*** Opening Source data ***

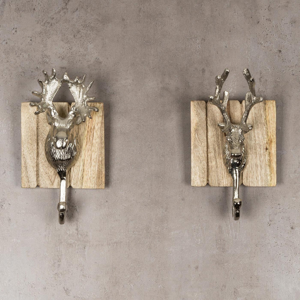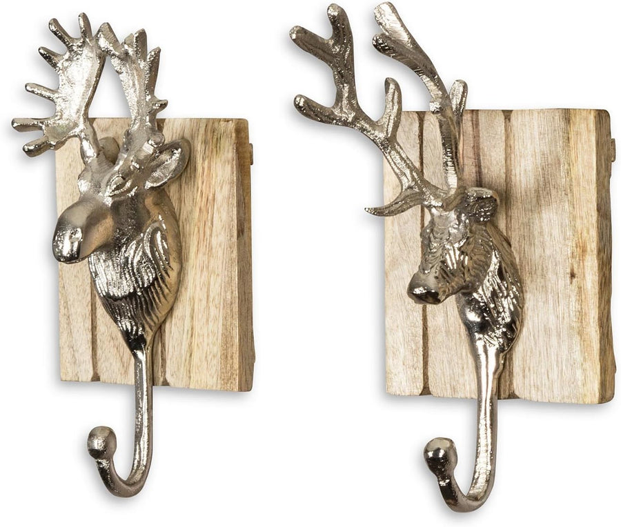 2er Set Wandhaken Hirsch H x B: 23x12cm Edel-Holz Metall Garderobe Deko Wanddeko Kleiderhaken Varian
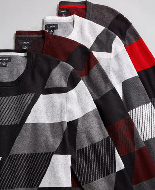 Alfani Men's Abstract Jacquard Crewneck Sweater Red Size Large
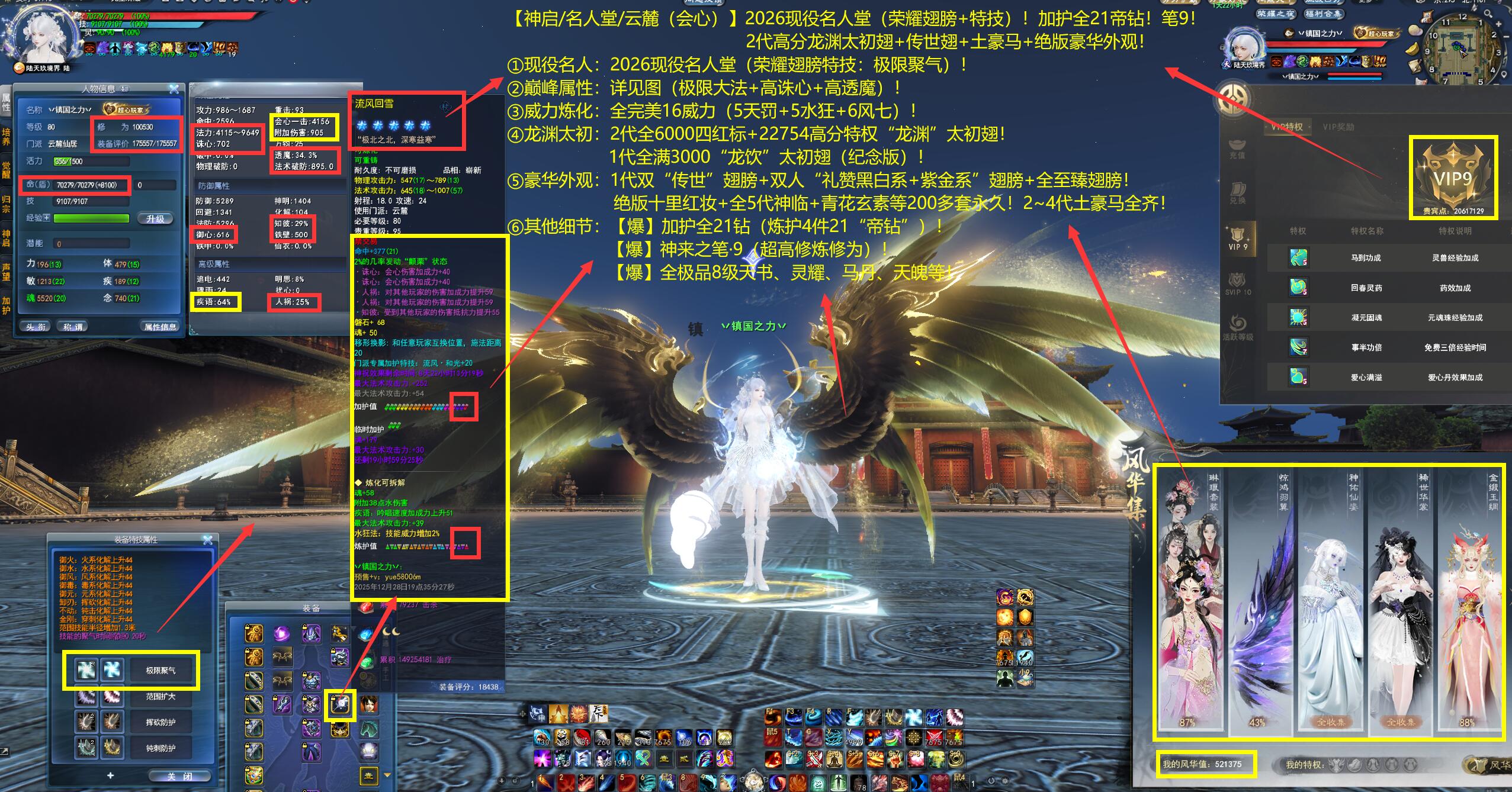 亮点: ①现役名人:2026现役名人堂第1会心云麓(荣耀翅膀特技:极限聚气)! ②巅峰属性:详见图(极限大法+高诛心+高透魔)! ③威力炼化:全完美16威力(5天罚+5水狂+6风七)! ④龙渊太初:2代全6000四红标+22754高分特权“龙渊”太初翅!1代全满3000“龙饮”太初翅(纪念版)! ⑤豪华外观:1代双“传世”翅膀+双人“礼赞·白+黑”翅膀+1~16代至臻翅膀!绝版十里红妆+全5代神临+青花玄素等200多套永久!2~4代土豪马全齐!
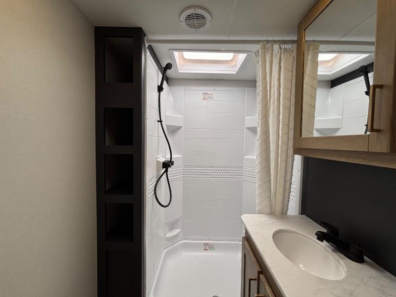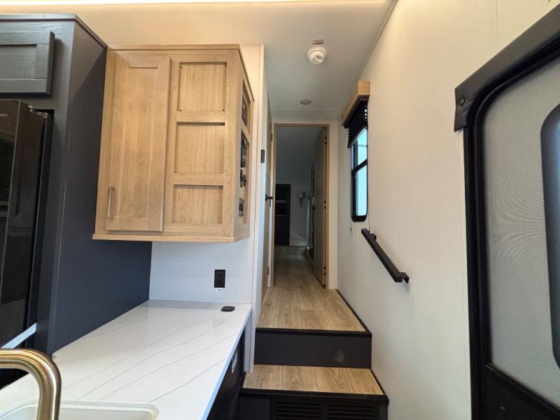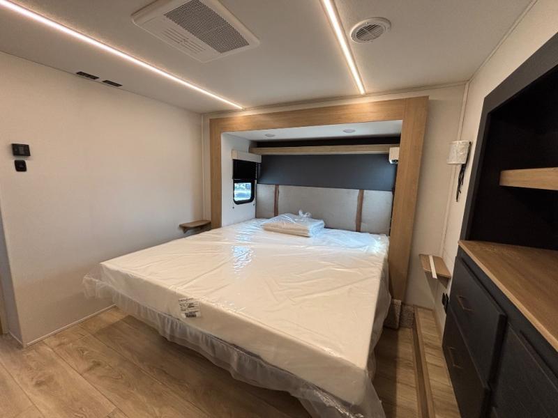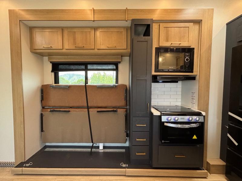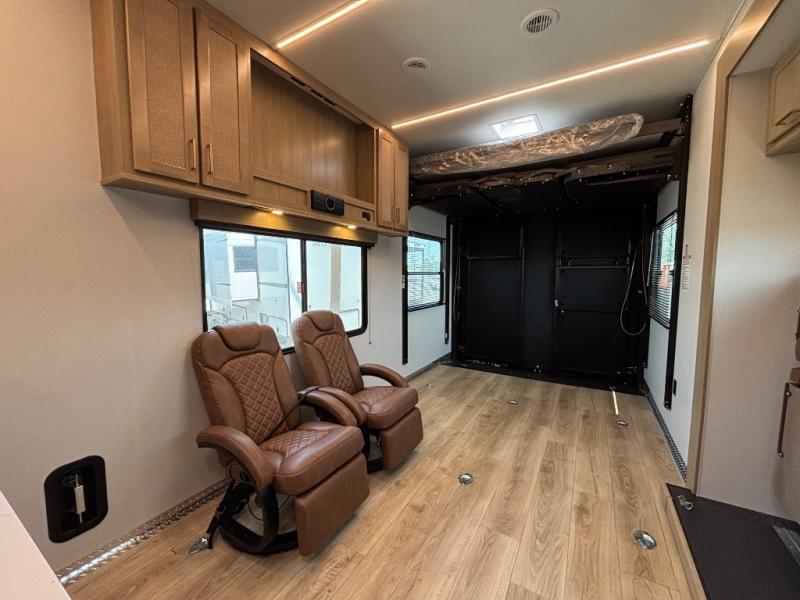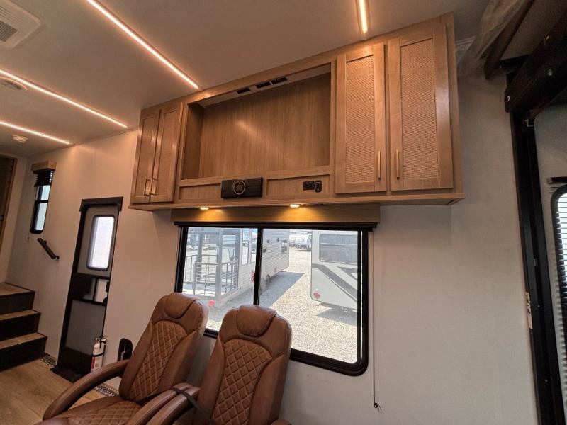 In the central living area, you’ll find theater seating, a large entertainment center, and modern finishes. The kitchen includes solid-surface countertops, a large refrigerator, three-burner cooktop, oven, microwave, and pantry — providing everything needed for meals on the road.

*** Closing Source data ***

Try it: Without any pictures, restate word for word only the lines from the one with "Alfani Men's Abstract" through the end of the listing.

Response area:
 Alfani Men's Abstract Jacquard Crewneck Sweater Red Size Large
 亮点: ①现役名人:2026现役名人堂第1会心云麓(荣耀翅膀特技:极限聚气)! ②巅峰属性:详见图(极限大法+高诛心+高透魔)! ③威力炼化:全完美16威力(5天罚+5水狂+6风七)! ④龙渊太初:2代全6000四红标+22754高分特权“龙渊”太初翅!1代全满3000“龙饮”太初翅(纪念版)! ⑤豪华外观:1代双“传世”翅膀+双人“礼赞·白+黑”翅膀+1~16代至臻翅膀!绝版十里红妆+全5代神临+青花玄素等200多套永久!2~4代土豪马全齐!
 In the central living area, you’ll find theater seating, a large entertainment center, and modern finishes. The kitchen includes solid-surface countertops, a large refrigerator, three-burner cooktop, oven, microwave, and pantry — providing everything needed for meals on the road.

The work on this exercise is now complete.